Self-assembly and properties of domain walls in BiFeO₃ layers grown via molecular-beam epitaxy

The control of topological textures within the lattice, charge, and spin order parameters of multiferroic materials offers the possibility to realize emergent behaviors that transcend the functionality of any spatially uniform host material. Indeed, ferroelectric domain walls are already employed in various applications spanning nonlinear optics,^1,2 nanoelectronics,³ and nonvolatile memories.^4,5

Epitaxial layers of the room-temperature multiferroic BiFeO₃ are a well-established material platform for hosting domain walls with functional properties.⁶ To date, the overwhelming majority of BiFeO₃ films are produced using far-from-equilibrium growth techniques incorporating ion irradiation during film growth, including magnetron sputter deposition⁷ and pulsed-laser deposition.⁸ When uncontrolled, ions spawn unintended defects impacting domain wall morphology and properties.^9,10 Molecular-beam epitaxy, in contrast, provides an alternative synthesis approach which employs thermalized molecular fluxes.¹¹ Near-equilibrium growth regimes free from the bombardment of energetic ions¹² are expected to engender subtler defect profiles,¹³ desirable for the fabrication of nonlinear optical elements as well as for understanding leakage mechanisms in nonvolatile ferroelectric-based memories.

In this letter, we employ molecular-beam epitaxy^11,14 to grow commensurately strained BiFeO₃/SrRuO₃/DyScO₃(110)_o epitaxial heterostructures (the o subscript designates orthorhombic indices in the nonstandard Pbnm setting) and demonstrate the self-assembly of ferroelectric BiFeO₃ domain walls with unprecedentedly long-range order. The walls exhibit the combination of enhanced conductivity and electrical rectification. We anticipate that the results discussed here may prove useful for improving the fabrication of nonlinear optical and nanoelectronic devices.

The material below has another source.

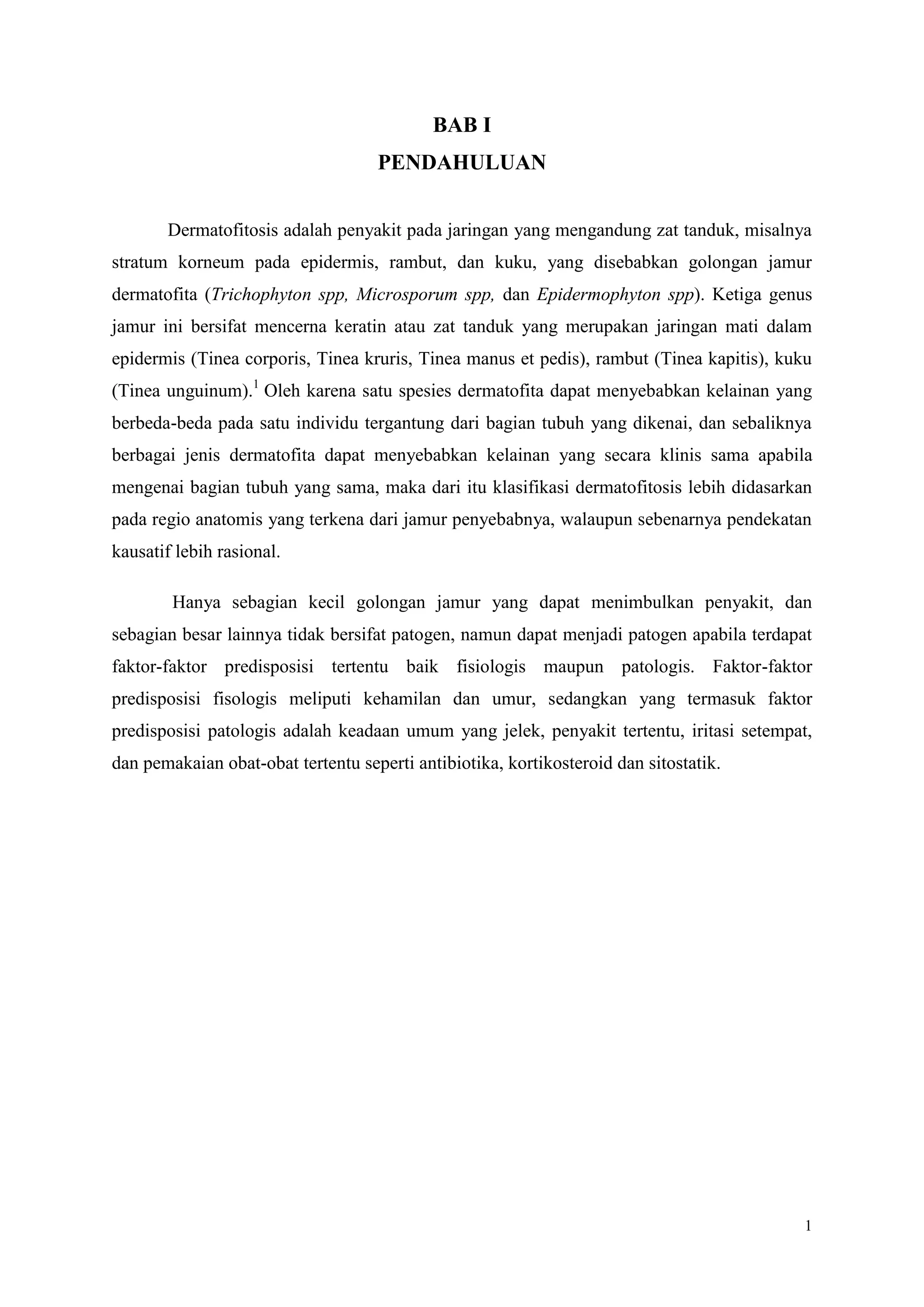 Dokumen ini membahas kasus seorang anak berusia 4 tahun, An. B, yang menderita dermatofitosis, khususnya tinea kruris, dengan infeksi sekunder ektima. Pasien berasal dari keluarga yang terdiri dari lima orang dan mengalami gejala gatal di area bokong yang semakin meluas. Penatalaksanaan dilakukan dengan perawatan non-medikamentosa dan pemberian krim antifungal ketokonazol.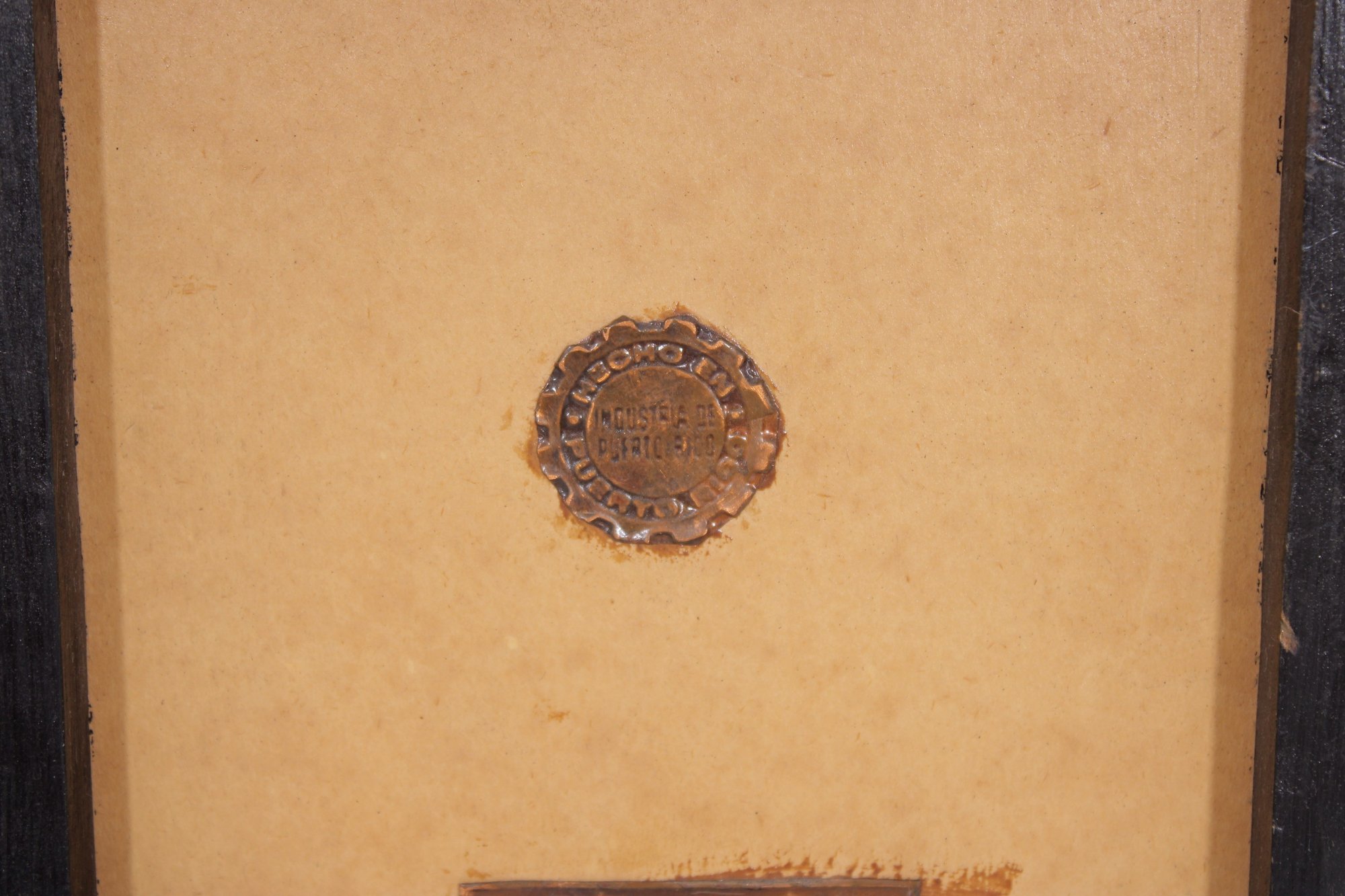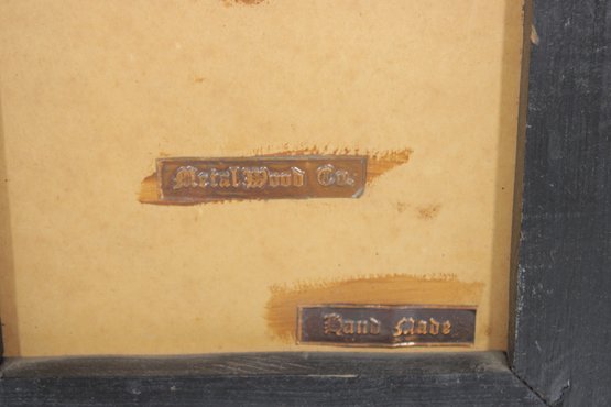 Good vintage condition; some surface wear and patina to the metal consistent with age. Frame shows light wear. Backing has age-related marks and labels.

BiFeO₃/SrRuO₃/DyScO₃(110)_o heterostructures are grown without breaking vacuum in a Veeco GEN10 molecular-beam epitaxy system with a chamber base pressure of 1 × 10⁻⁸ Torr using deposition conditions summarized in Table I. For SrRuO₃ growths, ruthenium is supplied in abundance with a ruthenium-to-strontium flux ratio of J_Ru/J_Sr > 2. At a growth temperature of 780°, the excess ruthenium oxidizes forming volatile RuO_x species which continuously desorb from the growth surface resulting in single-phase SrRuO₃ layers.¹⁵ BiFeO₃ is grown in an oxidant comprised chiefly of ozone (and 20% oxygen). This approach, which represents an evolution of increasing oxidation environments,^14,16–20 helps to suppress the formation of oxygen vacancies, responsible for engendering mobile electrons²¹ and ensures the oxidation of bismuth.¹⁴ Additionally, high bismuth-to-iron flux ratios (J_Bi/J_Fe ∼ 16) are employed to compensate the loss of volatile BiO_x species at the high homologous growth temperature utilized (Ts ∼ 650); the desorption of bismuth oxides during BiFeO₃ deposition is analogous to that of ruthenium oxides during SrRuO₃ growth. Although multiple films were grown and all findings presented here (and in the supplementary material) are obtained from a single film, for which Rutherford back scattering spectrometry results yield a film bismuth-to-iron molar ratio equal to 0.98 ± 0.07. The deposition of stoichiometric layers, containing equal concentrations of bismuth and iron, combined with long diffusion lengths for surface adatoms promote films with long-ranged crystallographic and ferroic order.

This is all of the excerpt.